_WORK ITEM_: Return only the stretch of the material below that begins with the line containing "По паре Доллар/Канадский" and ends with the line containing "[NSMALL]장순필 가마솥 육개장 600ml 5봉 외 (14,900원/무료)", exactly; both of those lines belong to it.
DATA LISTING section start
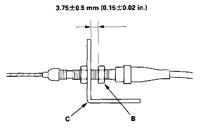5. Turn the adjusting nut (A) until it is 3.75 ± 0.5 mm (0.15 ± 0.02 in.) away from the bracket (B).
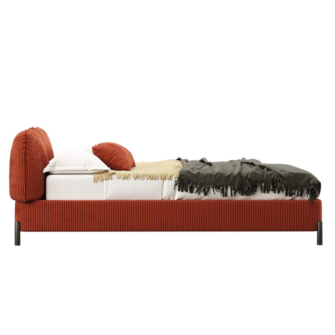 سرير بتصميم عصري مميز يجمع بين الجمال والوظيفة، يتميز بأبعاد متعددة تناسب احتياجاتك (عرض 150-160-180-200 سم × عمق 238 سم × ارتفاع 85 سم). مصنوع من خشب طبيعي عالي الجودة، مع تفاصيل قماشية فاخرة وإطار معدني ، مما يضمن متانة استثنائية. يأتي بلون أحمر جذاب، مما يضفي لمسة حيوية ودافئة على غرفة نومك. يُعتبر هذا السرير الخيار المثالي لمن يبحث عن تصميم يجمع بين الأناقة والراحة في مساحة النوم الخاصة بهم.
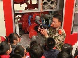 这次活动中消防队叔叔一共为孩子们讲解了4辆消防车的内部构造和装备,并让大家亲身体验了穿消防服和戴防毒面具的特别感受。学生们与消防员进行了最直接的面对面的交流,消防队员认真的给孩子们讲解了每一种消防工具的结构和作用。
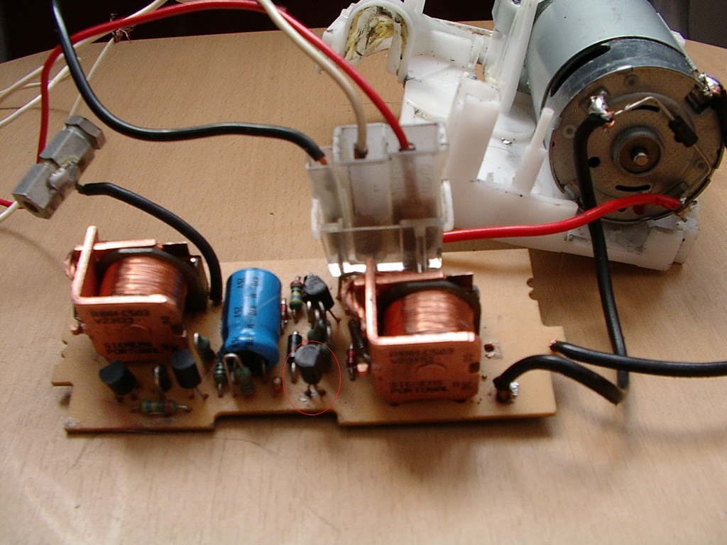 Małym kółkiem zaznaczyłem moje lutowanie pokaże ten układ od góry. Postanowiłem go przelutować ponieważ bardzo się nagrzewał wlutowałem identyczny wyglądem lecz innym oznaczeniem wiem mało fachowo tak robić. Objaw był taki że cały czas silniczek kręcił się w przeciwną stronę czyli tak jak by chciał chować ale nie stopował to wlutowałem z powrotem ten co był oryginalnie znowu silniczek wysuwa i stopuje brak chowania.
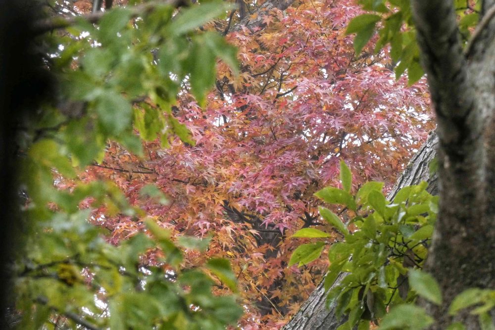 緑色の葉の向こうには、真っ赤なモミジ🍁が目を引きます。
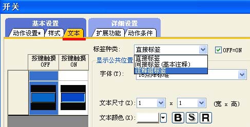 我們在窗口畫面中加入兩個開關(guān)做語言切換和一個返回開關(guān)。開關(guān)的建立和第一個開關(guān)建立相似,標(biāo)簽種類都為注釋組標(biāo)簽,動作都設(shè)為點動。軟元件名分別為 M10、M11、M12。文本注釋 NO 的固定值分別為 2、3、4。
DATA LISTING section end
DATA LISTING section start
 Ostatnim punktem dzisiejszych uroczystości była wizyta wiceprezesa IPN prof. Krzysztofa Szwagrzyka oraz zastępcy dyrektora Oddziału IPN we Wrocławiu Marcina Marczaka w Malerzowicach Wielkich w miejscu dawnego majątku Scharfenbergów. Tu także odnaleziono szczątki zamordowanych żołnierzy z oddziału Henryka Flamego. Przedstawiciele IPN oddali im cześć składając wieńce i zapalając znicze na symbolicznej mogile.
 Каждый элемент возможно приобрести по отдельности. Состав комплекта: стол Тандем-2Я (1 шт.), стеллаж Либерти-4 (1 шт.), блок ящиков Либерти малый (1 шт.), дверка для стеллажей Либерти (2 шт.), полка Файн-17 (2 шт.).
DATA LISTING section end
DATA LISTING section start
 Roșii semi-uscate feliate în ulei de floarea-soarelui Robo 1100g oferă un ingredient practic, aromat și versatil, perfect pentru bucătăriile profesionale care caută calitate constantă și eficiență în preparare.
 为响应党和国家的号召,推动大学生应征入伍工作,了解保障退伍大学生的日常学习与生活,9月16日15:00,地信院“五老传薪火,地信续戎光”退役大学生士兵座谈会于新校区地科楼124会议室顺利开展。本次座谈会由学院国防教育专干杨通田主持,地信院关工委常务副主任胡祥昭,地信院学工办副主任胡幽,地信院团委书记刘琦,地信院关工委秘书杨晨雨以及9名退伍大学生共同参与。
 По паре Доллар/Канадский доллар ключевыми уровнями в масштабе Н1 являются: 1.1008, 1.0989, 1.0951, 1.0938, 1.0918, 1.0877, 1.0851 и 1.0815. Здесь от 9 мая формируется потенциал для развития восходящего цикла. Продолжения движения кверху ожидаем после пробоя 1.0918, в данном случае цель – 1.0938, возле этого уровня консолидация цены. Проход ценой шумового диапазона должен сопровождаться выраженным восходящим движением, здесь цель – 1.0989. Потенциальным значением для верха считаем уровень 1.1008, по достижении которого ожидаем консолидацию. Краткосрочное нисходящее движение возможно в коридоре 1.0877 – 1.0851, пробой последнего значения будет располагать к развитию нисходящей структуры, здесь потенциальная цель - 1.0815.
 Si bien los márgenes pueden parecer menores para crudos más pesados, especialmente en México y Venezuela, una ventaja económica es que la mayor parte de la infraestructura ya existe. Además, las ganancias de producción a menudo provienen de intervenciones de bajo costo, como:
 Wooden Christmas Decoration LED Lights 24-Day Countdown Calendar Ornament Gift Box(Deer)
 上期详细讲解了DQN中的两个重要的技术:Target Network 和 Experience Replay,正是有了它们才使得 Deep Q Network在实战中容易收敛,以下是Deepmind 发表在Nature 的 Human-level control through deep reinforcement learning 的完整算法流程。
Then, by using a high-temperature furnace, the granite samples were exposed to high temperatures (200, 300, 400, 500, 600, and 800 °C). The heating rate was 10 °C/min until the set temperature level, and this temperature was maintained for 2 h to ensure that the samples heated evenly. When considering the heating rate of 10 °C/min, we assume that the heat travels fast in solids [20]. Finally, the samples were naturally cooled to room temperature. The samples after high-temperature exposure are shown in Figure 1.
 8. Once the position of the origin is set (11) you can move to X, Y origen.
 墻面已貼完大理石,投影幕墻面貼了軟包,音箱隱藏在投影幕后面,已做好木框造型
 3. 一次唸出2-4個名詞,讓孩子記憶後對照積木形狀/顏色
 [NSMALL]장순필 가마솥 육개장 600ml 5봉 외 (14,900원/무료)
DATA LISTING section end
_TASK SOLUTION_:
 По паре Доллар/Канадский доллар ключевыми уровнями в масштабе Н1 являются: 1.1008, 1.0989, 1.0951, 1.0938, 1.0918, 1.0877, 1.0851 и 1.0815. Здесь от 9 мая формируется потенциал для развития восходящего цикла. Продолжения движения кверху ожидаем после пробоя 1.0918, в данном случае цель – 1.0938, возле этого уровня консолидация цены. Проход ценой шумового диапазона должен сопровождаться выраженным восходящим движением, здесь цель – 1.0989. Потенциальным значением для верха считаем уровень 1.1008, по достижении которого ожидаем консолидацию. Краткосрочное нисходящее движение возможно в коридоре 1.0877 – 1.0851, пробой последнего значения будет располагать к развитию нисходящей структуры, здесь потенциальная цель - 1.0815.
 Si bien los márgenes pueden parecer menores para crudos más pesados, especialmente en México y Venezuela, una ventaja económica es que la mayor parte de la infraestructura ya existe. Además, las ganancias de producción a menudo provienen de intervenciones de bajo costo, como:
 Wooden Christmas Decoration LED Lights 24-Day Countdown Calendar Ornament Gift Box(Deer)
 上期详细讲解了DQN中的两个重要的技术:Target Network 和 Experience Replay,正是有了它们才使得 Deep Q Network在实战中容易收敛,以下是Deepmind 发表在Nature 的 Human-level control through deep reinforcement learning 的完整算法流程。
Then, by using a high-temperature furnace, the granite samples were exposed to high temperatures (200, 300, 400, 500, 600, and 800 °C). The heating rate was 10 °C/min until the set temperature level, and this temperature was maintained for 2 h to ensure that the samples heated evenly. When considering the heating rate of 10 °C/min, we assume that the heat travels fast in solids [20]. Finally, the samples were naturally cooled to room temperature. The samples after high-temperature exposure are shown in Figure 1.
 8. Once the position of the origin is set (11) you can move to X, Y origen.
 墻面已貼完大理石,投影幕墻面貼了軟包,音箱隱藏在投影幕后面,已做好木框造型
 3. 一次唸出2-4個名詞,讓孩子記憶後對照積木形狀/顏色
 [NSMALL]장순필 가마솥 육개장 600ml 5봉 외 (14,900원/무료)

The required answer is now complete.